Me sirve como metáfora. Lo que desde la esperanza queramos construir lo será desde la suma de quienes saben más y pueden elevarnos, y de quienes sabemos menos y queremos aprender. Respetándonos, escuchándonos y aprendiendo juntos. Lo que desde la esperanza queramos construir será desde distintas disciplinas que se armonizan. Lo que desde la esperanza queramos construir será nuevo y empleando las mejores tecnologías, pero deberá estar firmemente asentado en lo mejor de lo que tenemos y queremos respetar y cuidar.
Así ha hecho Ander de la Fuente, el multipremiado compositor vasco-americano, desde Syracuse. Acaba de presentar su versión orquestada del clásico Hator, Hator, de los Plateros de Durango, de cuya familia desciende. Una versión fina y delicada que de momento escuchamos en una orquesta virtual pero que quizá las Navidades próximas podamos escuchar interpretada por alguna de nuestras orquestas.
Terminé mi artículo el año pasado deseando que “el adviento próximo pueda programarse en cada capital vasca” la obra de Aita Donostia. Repito el deseo, pero ahora sumando la relectura de Ander de la Fuente como inmejorable complemento.
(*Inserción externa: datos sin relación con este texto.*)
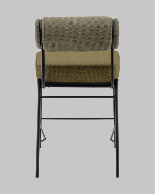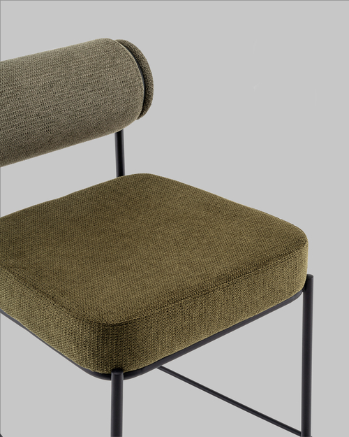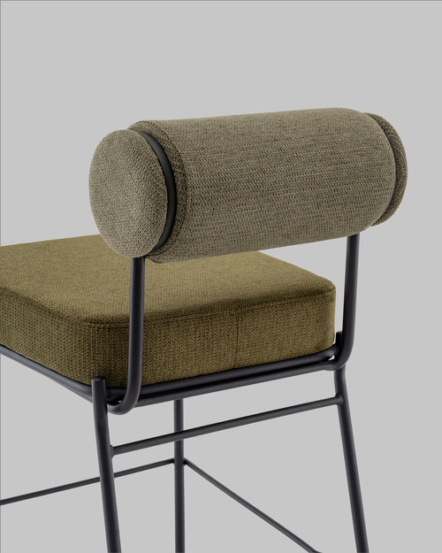 Эта модель привлекает внимание необычной формой спинки — мягкий цилиндрический валик добавляет оригинальности и поддерживает комфорт при посадке. Четкие линии каркаса и тонкие ножки создают легкий, воздушный силуэт, который идеально вписывается в современный интерьер.
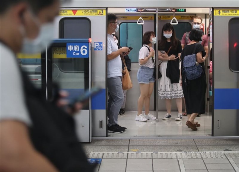 台北捷運12日表示,列車空調已設定為夏季模式,平日尖峰時間為攝氏23度。圖為民眾戴口罩搭乘台北捷運。圖/中央社
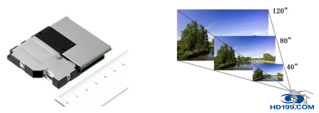 据悉,这种微型投影模块可以投射出分辨率为1920×720像素的图像,虽然没有达到1080P全高清级别,但是考虑到其非常迷你的身材,依然给人留下了深刻的印象。除了可以提供常规的16:9比例的影像之外,这种免对焦功能最高可以提供120英寸的影响。而通常来说传统的普通入门级投影产品能够提供的分辨率只有800×480像素。

No deberíamos limitarnos a replicar lo que otros hacen. Deberíamos competir por tener más luces, sí, pero no más luces led, sino más de esas luces que dan la cultura, la identidad, el significado, el arte, la búsqueda, la oportunidad renacida, el conocimiento y la esperanza. Son esas luces, y no las luces led, las que los descerebrados energúmenos de Magdeburgo más temen, porque iluminan por dentro, donde ellos querrían un vacío que rellenar con sus infernales delirios. Son esas luces las que tenemos que reivindicar y potenciar cada Navidad, frente a los adoradores de las oscuridades más frías, sean del fanatismo dogmático y cruel o del más trivial pero también tonto, facilón y vacío consumismo. Mientras nos quede vida. Mientras nos quede esperanza renacida.